カエデノオト

カエデのある家の住人のノート

クウネルvol.54「わたしの仕事場。」

ひとの家、部屋、バッグ、財布、そのあたりには常に興味があります。
だからこの号はかなり好み。
特に、石黒智子さんの2ページはこれまで見たことのないアングルの写真で「わー」と思ったなー。
ドレスデザイナーさんの仕事場の、過去のトワル(=仮縫いの洋服なんだって)をカーテンの並べてかけているところが、とってもすてきだった。
「ミナ ペルホネン」で働く人びと。もひとりずつ興味深く読んだ。こういう思いで働く先を選ぶ人もいるのだなぁと。学生のときの私の就職先の選び方って、安定感とか安心感とか報酬とか、まずはそこだったように思う。もちろん自分の適性とかやりたいこと、ていうのも考えたけれど、それよりも前者のほうが重要だと思っていた。社会に出てから気付いたんだよね、安定感とか安心感とか報酬とかそういうものはとても揺らぎやすいのだって。
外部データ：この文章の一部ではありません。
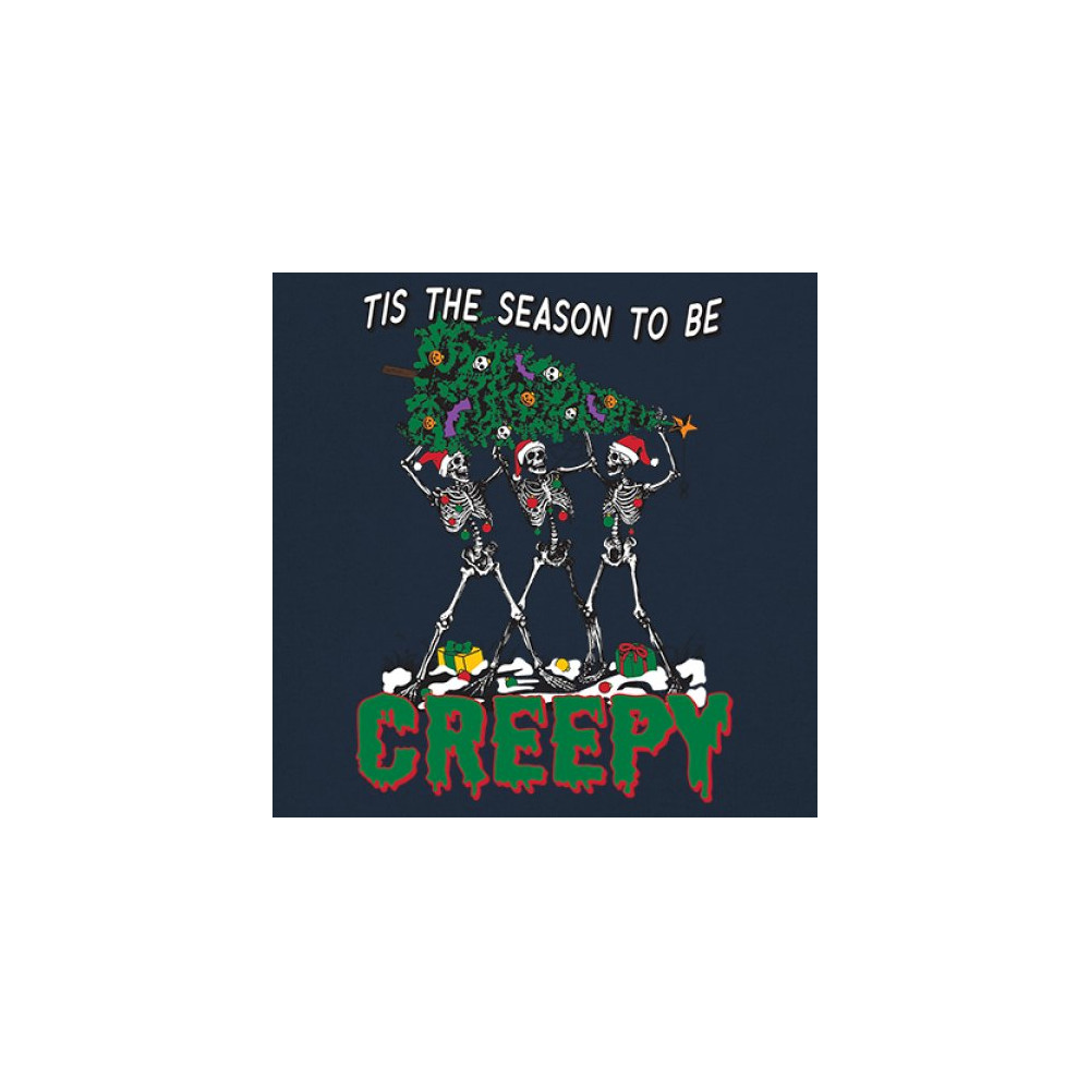 Spooky meets festive with "Tis the Season to Be Creepy" skeleton Christmas design. Perfect for holiday parties, Secret Santa, and unique gifts.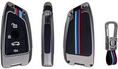 Étui pour clé de voiture kwmobile adapté à la clé de voiture BMW Smart Key à 3 boutons - Étui pour clé de voiture en noir / bleu
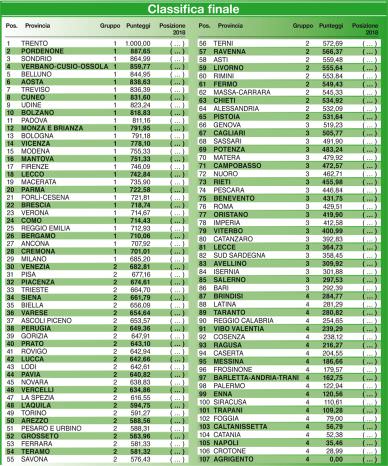 A conferma degli eccellenti piazzamenti già conseguiti nelle passate edizioni dell’indagine, Isernia si classifica al primo posto nella dimensione del sistema salute, che intende fornire uno spaccato sulla dotazione di strutture sanitarie. A seguire nelle posizioni di testa Catanzaro, Cagliari e Ancona. Chiude la classifica Vibo Valentia. Siena si conferma al primo posto nella classifica del tempo libero e turismo, confermando i piazzamenti conseguiti nelle cinque passate edizioni, così come Rimini, Aosta e Verbano-Cusio-Ossola, mentre Grosseto si piazza in quinta posizione. Il gruppo di testa comprende 21 province ed è caratterizzato da una notevole stabilità nel tempo, con una presenza pressoché esclusiva di province dell’Italia centro-settentrionale, a eccezione della provincia di Sassari in rappresentanza dell’Italia meridionale e insulare. Come negli anni passati, chiude la classifica Crotone. Infine è Milano che apre la classifica sul tenore di vita. A seguire nel gruppo di testa, Bologna, Monza e Brianza e Trieste. Roma è solo 44. Ultima, Crotone. (Ansa)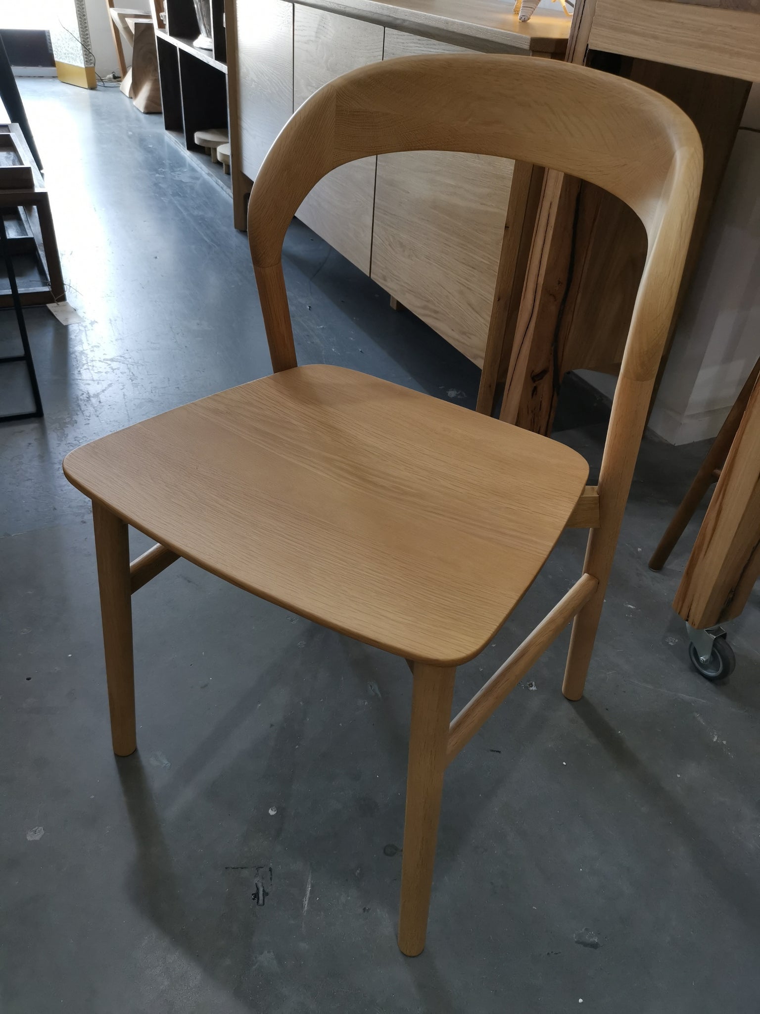 A solid oak backrest wraps around to create a comfortable dining chair. Available in natural and black oak with an upholstered seating option.

たとえ揺らいでも私はここにいてこれをやりたいのだという、強い思いを持てるような場所を探すべきだったのかなぁとか思う。
街のアニキ、もかっこよかった。
若者よ、顔で語れ。もかっこよかった。
たすける手、ささえる手。もかっこよかった。
あ、特集タイトルの「仕事場」って、空間のことだけじゃなかったんだ。
アラジンのステンレスボトル/タンブラーはニュータイプ?やっぱりかわいいなぁ。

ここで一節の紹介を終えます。